Is it a wise strategy?
The national government has said its electoral stimulus package will have zero cost to taxpayers, aided by IMF dollars allocated for social spending programs, although the portfolio of the ANSES social security bureau will likely feel the hit of expanding its subsidized credit lines. Moreover, the private sector has already voiced its unhappiness over the price freezes.
Until this policy shift, Macri’s government had been described as playing a “dangerous game,” by betting on an economic plan that could freeze the economy through spending cuts and high interest rates in order to keep the peso-to-the-dollar exchange rate down. The decision to increase spending and prop up consumption somewhat seems a more political turn aimed at boosting his flagging popularity.
But while Macri’s additional spending could buy points at the polls in October, it could also be economically counterproductive.

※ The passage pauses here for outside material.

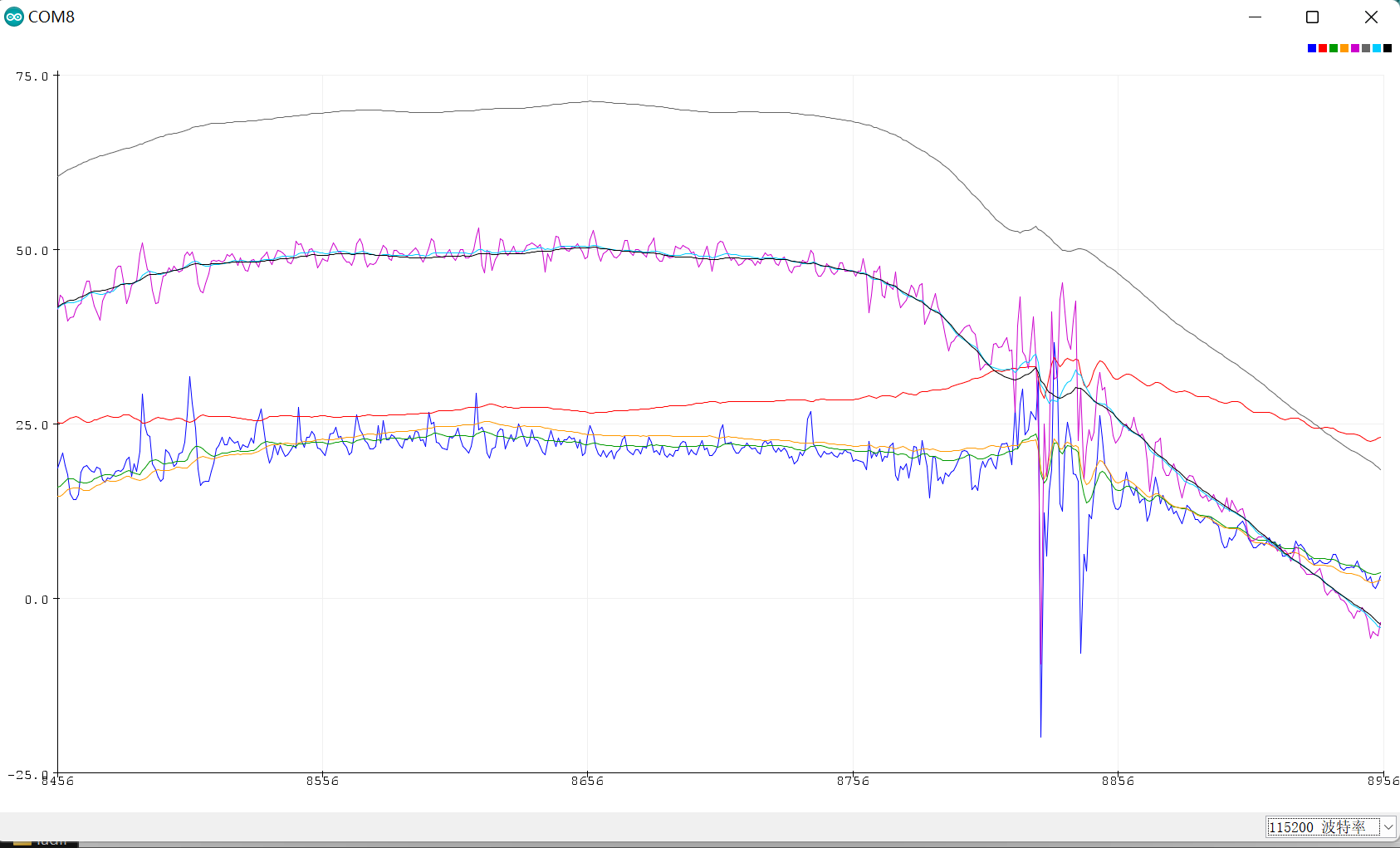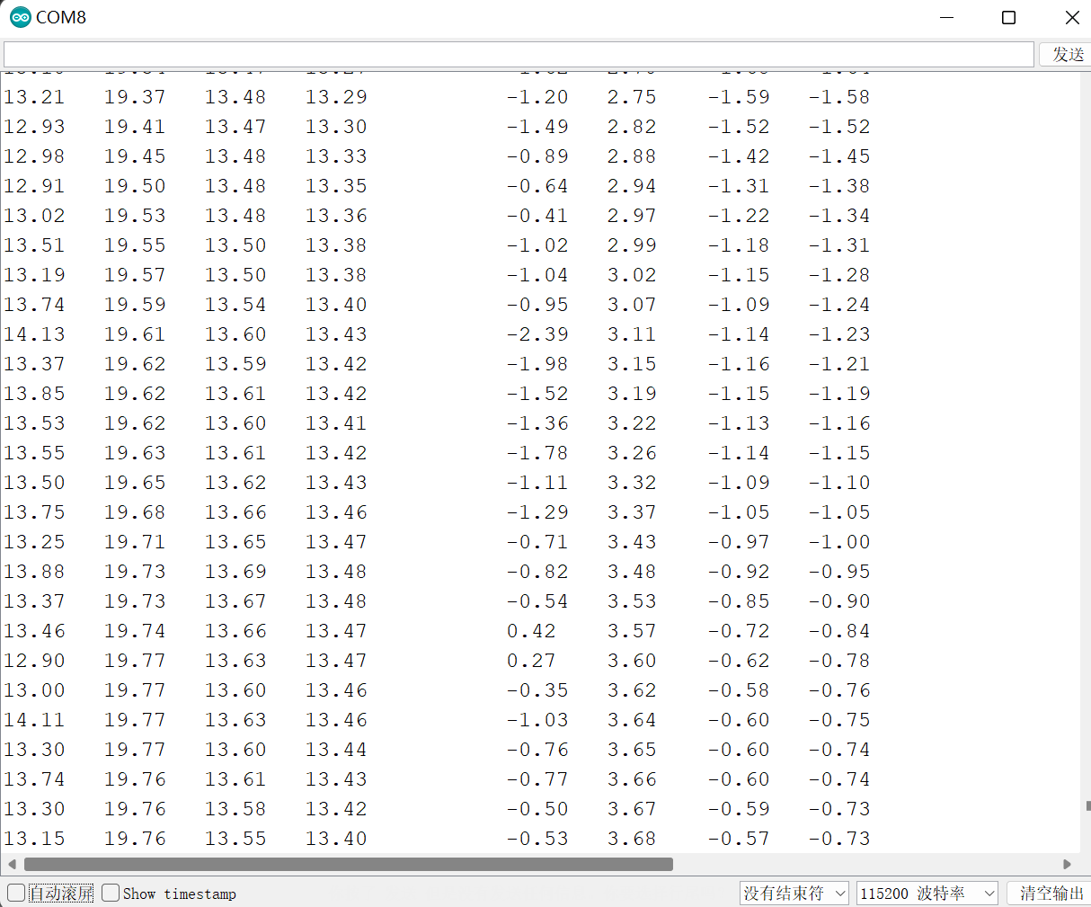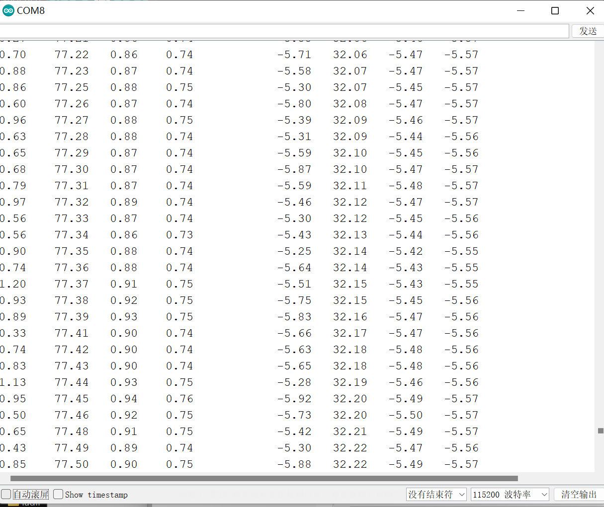 #include <Wire.h> uint32_t timer; uint8_t i2cData[14]; // Buffer for I2C data unsigned long now, lastTime = 0; float dt; //微分时间 int16_t ax, ay, az, gx, gy, gz; //加速度计陀螺仪原始数据 float aax=0, aay=0,aaz=0, agx=0, agy=0, agz=0; //角度变量 long axo = 0, ayo = 0, azo = 0; //加速度计偏移量 long gxo = 0, gyo = 0, gzo = 0; //陀螺仪偏移量 float pi = 3.1415926; float AcceRatio = 16384.0; //加速度计比例系数 float GyroRatio = 131.0; //陀螺仪比例系数 uint8_t n_sample = 8; //加速度计滤波算法采样个数 float aaxs[8] = {0}, aays[8] = {0}, aazs[8] = {0}; //x,y轴采样队列 long aax_sum, aay_sum,aaz_sum; //x,y轴采样和 float a_x[10]={0}, a_y[10]={0},a_z[10]={0} ,g_x[10]={0} ,g_y[10]={0},g_z[10]={0}; //加速度计协方差计算队列 float Px=1, Rx, Kx, Sx, Vx, Qx; //x轴卡尔曼变量 float Py=1, Ry, Ky, Sy, Vy, Qy; //y轴卡尔曼变量 float Pz=1, Rz, Kz, Sz, Vz, Qz; //z轴卡尔曼变量 void setup() { Serial.begin(115200); Wire.begin(); #if ARDUINO >= 157 Wire.setClock(400000UL); // Set I2C frequency to 400kHz #else TWBR = ((F_CPU / 400000UL) - 16) / 2; // Set I2C frequency to 400kHz #endif i2cData[0] = 7; // Set the sample rate to 1000Hz - 8kHz/(7+1) = 1000Hz i2cData[1] = 0x00; // Disable FSYNC and set 260 Hz Acc filtering, 256 Hz Gyro filtering, 8 KHz sampling i2cData[2] = 0x00; // Set Gyro Full Scale Range to ±250deg/s i2cData[3] = 0x00; // Set Accelerometer Full Scale Range to ±2g while (i2cWrite(0x19, i2cData, 4, false)); // Write to all four registers at once while (i2cWrite(0x6B, 0x01, true)); // PLL with X axis gyroscope reference and disable sleep mode while (i2cRead(0x75, i2cData, 1)); if (i2cData[0] != 0x68) { // Read "WHO_AM_I" register Serial.print(F("Error reading sensor")); while (1); } delay(100); // Wait for sensor to stabilize /* Set kalman and gyro starting angle */ unsigned short times = 200; //采样次数 for(int i=0;i<times;i++) { //accelgyro.getMotion6(&ax, &ay, &az, &gx, &gy, &gz); //读取六轴原始数值 while (i2cRead(0x3B, i2cData, 14)); ax = (int16_t)((i2cData[0] << 8) | i2cData[1]); ay = (int16_t)((i2cData[2] << 8) | i2cData[3]); az = (int16_t)((i2cData[4] << 8) | i2cData[5]); gx = (int16_t)((i2cData[8] << 8) | i2cData[9]); gy = (int16_t)((i2cData[10] << 8) | i2cData[11]); gz = (int16_t)((i2cData[12] << 8) | i2cData[13]);; axo += ax; ayo += ay; azo += az; //采样和 gxo += gx; gyo += gy; gzo += gz; } axo /= times; ayo /= times; azo /= times; //计算加速度计偏移 gxo /= times; gyo /= times; gzo /= times; //计算陀螺仪偏移 } void loop() { unsigned long now = millis(); //当前时间(ms) dt = (now - lastTime) / 1000.0; //微分时间(s) lastTime = now; //上一次采样时间(ms) while (i2cRead(0x3B, i2cData, 14)); ax = (int16_t)((i2cData[0] << 8) | i2cData[1]); ay = (int16_t)((i2cData[2] << 8) | i2cData[3]); az = (int16_t)((i2cData[4] << 8) | i2cData[5]); gx = (int16_t)((i2cData[8] << 8) | i2cData[9]); gy = (int16_t)((i2cData[10] << 8) | i2cData[11]); gz = (int16_t)((i2cData[12] << 8) | i2cData[13]);; float accx = ax / AcceRatio; //x轴加速度 float accy = ay / AcceRatio; //y轴加速度 float accz = az / AcceRatio; //z轴加速度 aax = atan(accy / accz) * (-180) / pi; //y轴对于z轴的夹角 aay = atan(accx / accz) * 180 / pi; //x轴对于z轴的夹角 aaz = atan(accz / accy) * 180 / pi; //z轴对于y轴的夹角 aax_sum = 0; // 对于加速度计原始数据的滑动加权滤波算法 aay_sum = 0; aaz_sum = 0; for(int i=1;i<n_sample;i++) { aaxs[i-1] = aaxs[i]; aax_sum += aaxs[i] * i; aays[i-1] = aays[i]; aay_sum += aays[i] * i; aazs[i-1] = aazs[i]; aaz_sum += aazs[i] * i; } aaxs[n_sample-1] = aax; aax_sum += aax * n_sample; aax = (aax_sum / (11*n_sample/2.0)) * 9 / 7.0; //角度调幅至0-90° aays[n_sample-1] = aay; //此处应用实验法取得合适的系数 aay_sum += aay * n_sample; //本例系数为9/7 aay = (aay_sum / (11*n_sample/2.0)) * 9 / 7.0; aazs[n_sample-1] = aaz; aaz_sum += aaz * n_sample; aaz = (aaz_sum / (11*n_sample/2.0)) * 9 / 7.0; float gyrox = - (gx-gxo) / GyroRatio * dt; //x轴角速度 float gyroy = - (gy-gyo) / GyroRatio * dt; //y轴角速度 float gyroz = - (gz-gzo) / GyroRatio * dt; //z轴角速度 agx += gyrox; //x轴角速度积分 agy += gyroy; //x轴角速度积分 agz += gyroz; /* kalman start */ Sx = 0; Rx = 0; Sy = 0; Ry = 0; Sz = 0; Rz = 0; for(int i=1;i<10;i++) { //测量值平均值运算 a_x[i-1] = a_x[i]; //即加速度平均值 Sx += a_x[i]; a_y[i-1] = a_y[i]; Sy += a_y[i]; a_z[i-1] = a_z[i]; Sz += a_z[i]; } a_x[9] = aax; Sx += aax; Sx /= 10; //x轴加速度平均值 a_y[9] = aay; Sy += aay; Sy /= 10; //y轴加速度平均值 a_z[9] = aaz; Sz += aaz; Sz /= 10; for(int i=0;i<10;i++) { Rx += sq(a_x[i] - Sx); Ry += sq(a_y[i] - Sy); Rz += sq(a_z[i] - Sz); } Rx = Rx / 9; //得到方差 Ry = Ry / 9; Rz = Rz / 9; Px = Px + 0.0025; // 0.0025在下面有说明... Kx = Px / (Px + Rx); //计算卡尔曼增益 agx = agx + Kx * (aax - agx); //陀螺仪角度与加速度计速度叠加 Px = (1 - Kx) * Px; //更新p值 Py = Py + 0.0025; Ky = Py / (Py + Ry); agy = agy + Ky * (aay - agy); Py = (1 - Ky) * Py; Pz = Pz + 0.0025; Kz = Pz / (Pz + Rz); agz = agz + Kz * (aaz - agz); Pz = (1 - Kz) * Pz; /* kalman end */ Serial.print(agx);Serial.print(","); Serial.print(agy);Serial.print(","); Serial.print(agz);Serial.println(); }

Increased government spending could clash with the government’s number one election-year economic priority: keeping the peso-dollar rate under control, by either driving up inflation or forcing the Central Bank to raise its Leliq interest rates even further.
As things stand, Macri is already walking a tightrope. As the Central Bank controls the exchange rate through massive dollar-denominated auctions of Leliq notes that sop up peso liquidity, the currency has still slipped against the stronger dollar; the currency hit all-time lows this month. As always, any external shock — a US interest rate hike, or other emerging market turbulence — could throw the peso off-kilter, and with it, Macri’s political strategy.